When evaluating eyes injected suprachoroidally, widespread inflammation was again observed in eyes injected with AAV1, AAV2, and AAV6, similar to the pattern seen for subretinally injected eyes (Supplementary Fig. S2; Table 1; Fig. 3). Despite a suprachoroidal route of delivery, these eyes had Iba1-positive cells in both the vitreous and outer retina. Iba1-positive cells located in the outer retina were rounded, indicating active, potentially phagocytic microglia or macrophages (Fig. 3A–C). Interestingly, for AAV1 and AAV6, eyes that received suprachoroidal injections had more inflammation than eyes injected subretinally with the same vector (Supplementary Fig. S2; Table 1; Fig. 3). Moreover, eyes receiving AAV2 and AAV6 suprachoroidally displayed higher levels of ICAM1-positive cells in the vitreous and inner retina (Fig. 3B, C).

Figure 3.

Suprachoroidal delivery of AAVs 1, 2, and 6 induces higher inflammatory response that is not proportional to the degree of viral-mediated transduction and expression of eGFP. Representative confocal images of eyes injected suprachoroidally with AAV1 (A), AAV2 (B), AAV6 (C), AAV8 (D), or AAV9 (E) compared to vehicle controls (F) labeled with anti-Iba1 (red) and anti-ICAM1 (blue). Fluorescent signal for eGFP (green) driven by each vector was detected without antibody enhancement. Nuclei are counterstained with DAPI (white). Individual fluorophores are shown as well as the merged image. Iba1-positive cells within the vitreous cavity are denoted by white arrows in (A–C). Iba1-positive cells in the outer nuclear layer and subretinal space in (A–C) are denoted by white arrowheads. Scale bars = 50 μm.

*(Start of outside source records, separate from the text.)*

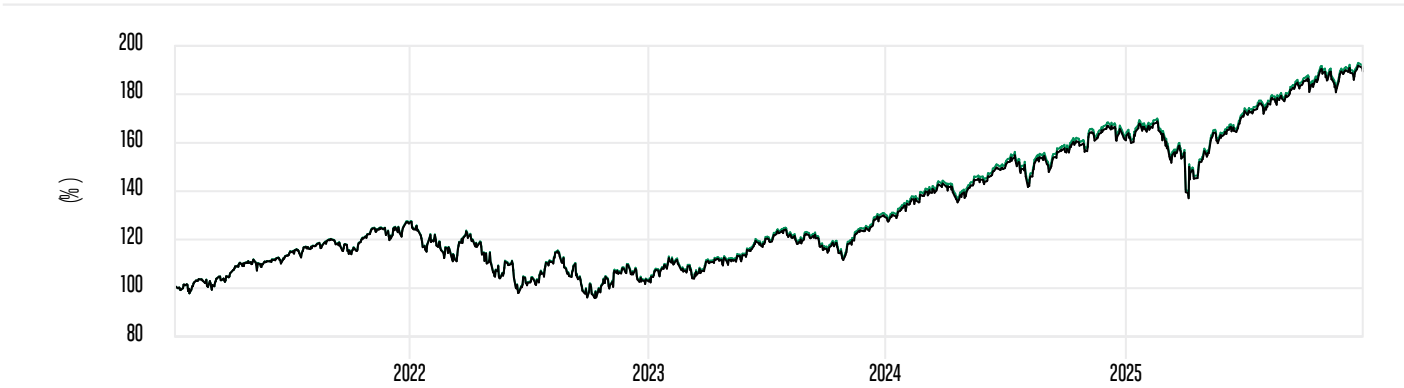
Cumulative performance at 31.12.2025 (%)

The benchmark indicator is the S&P 500, published in USD by Standard & Poor's. The S&P 500 is an index composed of the 500 largest US companies. The selected stocks represent the highest market capitalisations and cover some 75% of US corporate equities. The index was created by S&P in 1957 and includes the dividends generated by the equities comprising it. Its Bloomberg code is SPTR500N Index.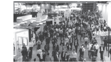
CEATEC JAPAN 2017 at Makuhari Messe in October with 152,066 visitors and 667 exhibitors.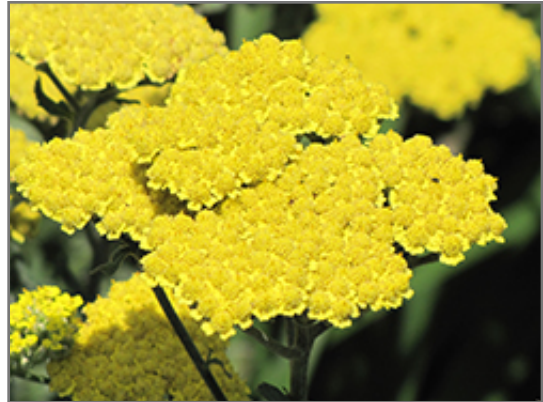
Moonshine Yarrow flowers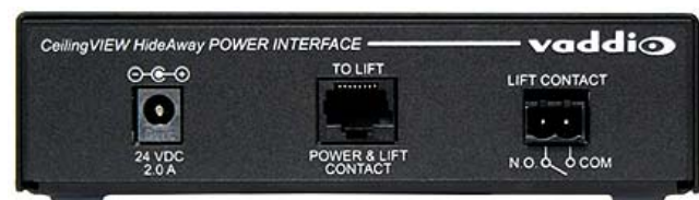
Figure 2: Vaddio CeilingVIEW HideAway Power Interface

The CeilingVIEW HideAway Power Interface uses one (1) Cat-5e cable to the CeilingVIEW HD HideAway enclosure to provide power to the motorized lift and send a lift control signal to raise and lower the lift.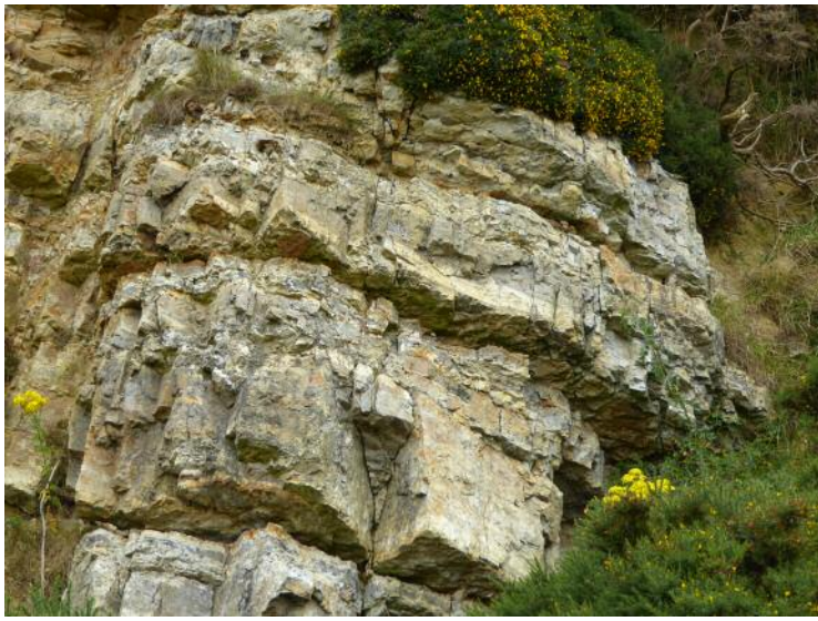
Fig. 7 Banded chert.

for the volume of chert produced, but it is likely to be of biological origin. We also saw what Tony considers is a Neptunian dyke (where a crack in the sea floor is in-filled with sediment). He postulated that there is a tendency for rimmed carbonate platforms to lose their edges resulting in debris flows. This debris can fill cracks in the sea floor. Certainly there was an area where the rock was definitely mashed up (although now heavily vegetated this could just about be seen).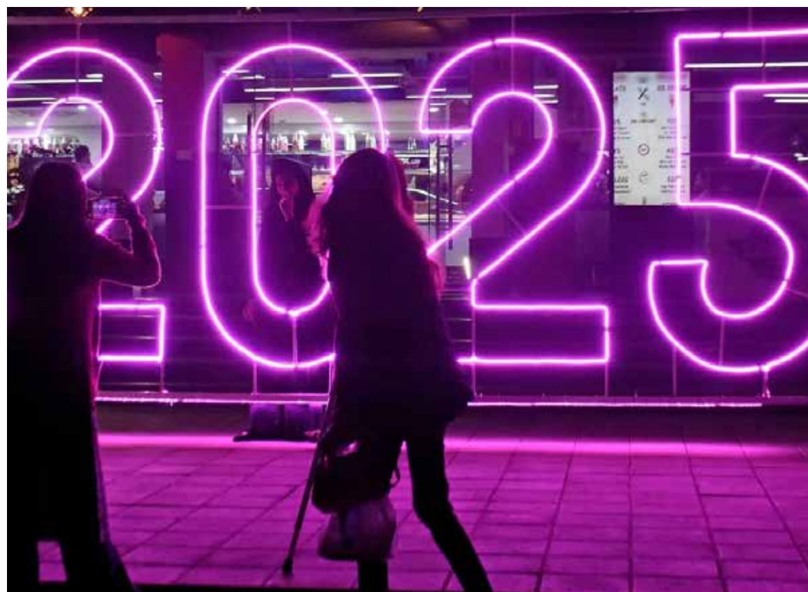
ISLAMABAD: Girls celebrating in front of welcome 2025 sign displayed alongside a road at Blue area.

In addition, eyes injected suprachoroidally with AAV8 and AAV9 had moderate inflammation, and only in the vitreous, whereas eyes injected with these two serotypes subretinally had no increased inflammation compared to vehicle controls (Supplementary Fig. S2; Table 1). Despite each serotype being delivered into the suprachoroidal space, only AAV1, AAV2, and AAV6 seemed to increase the number of Iba1-positive cells in the choroid (Fig. 3A–C). Similar to observations made for subretinal delivery, suprachoroidal injection of AAV1, AAV2, and AAV6 also caused a noteworthy increase in Iba1 and ICAM1 expression in the choroid compared to AAV8-, AAV9-, and buffer-injected eyes (Fig. 3).

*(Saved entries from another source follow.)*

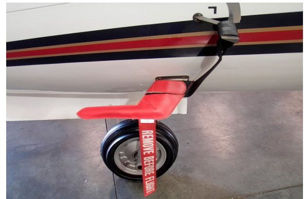
Learjet Heat Resistant Pitot Cover and AOA Strap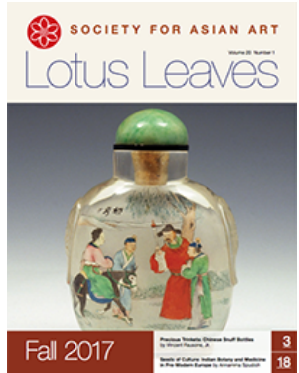
Cover of Fall 2017 Lotus Leaves issue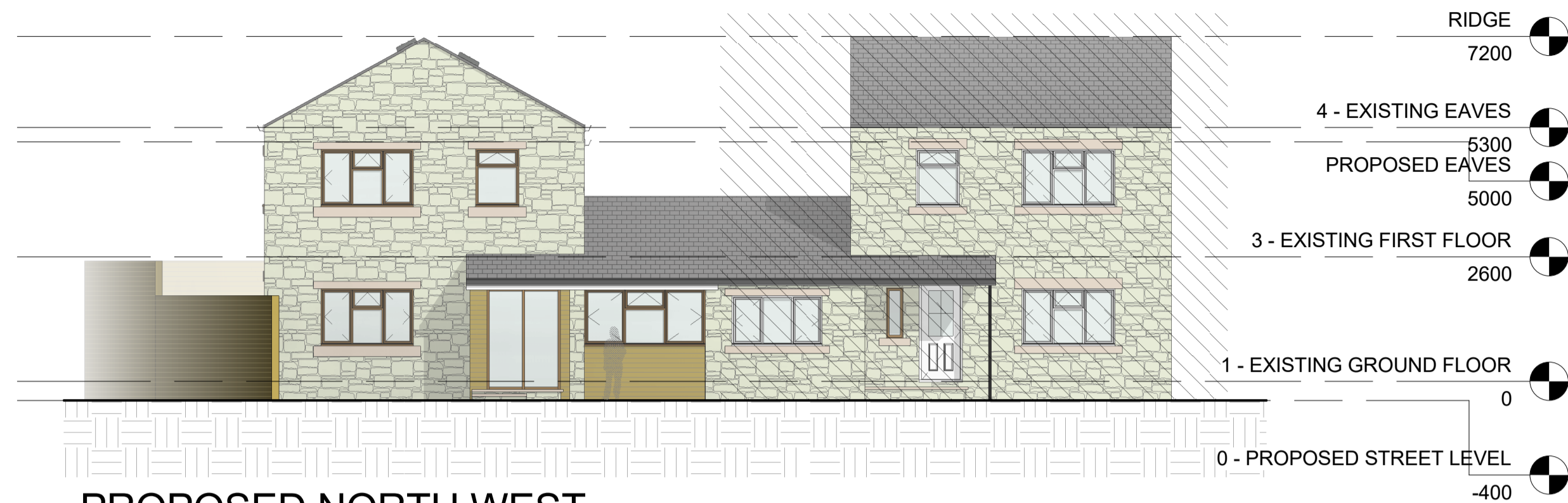
3 - PROPOSED NORTH WEST 1 : 100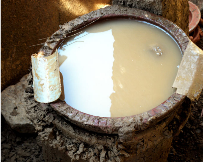
Wet cotton cloth is used to smoothen the surface of the object.

As shown in the preceding figures (Figs. 1–3), the severity of inflammation seen did not appear to correlate with the degree of retinal transduction for any serotype or route of delivery. To further validate this lack of correlation, panoramic images of representative eyes following subretinal AAV2 or AAV9 are shown in Fig. 4. Note that for the AAV2-injected eye, pan-retinal inflammation (i.e., Iba1-positive cells spanning vitreous cavity to the subretinal space) with scant transduction (i.e., cells with eGFP expression) of ONL neurons (Fig. 4A) was detected. By contrast, the AAV9-injected eye has a large area of strong outer retinal transduction with minimal histologically apparent expression of Iba1 (Fig. 4B). In most eyes analyzed, the extent of Iba1-demarcated inflammation extends well beyond the margins of vector transduction and eGFP expression.

Figure 4.

The degree of inflammation does not correlate with eGFP expression. Confocal panoramic images of retina following subretinal injection of AAV2 (A) or AAV9 (B) labeled with anti-Iba1 (red). Fluorescent signal for eGFP (green) was detected without antibody enhancement. Nuclei are counterstained with DAPI (blue). Scale bar = 300 μm.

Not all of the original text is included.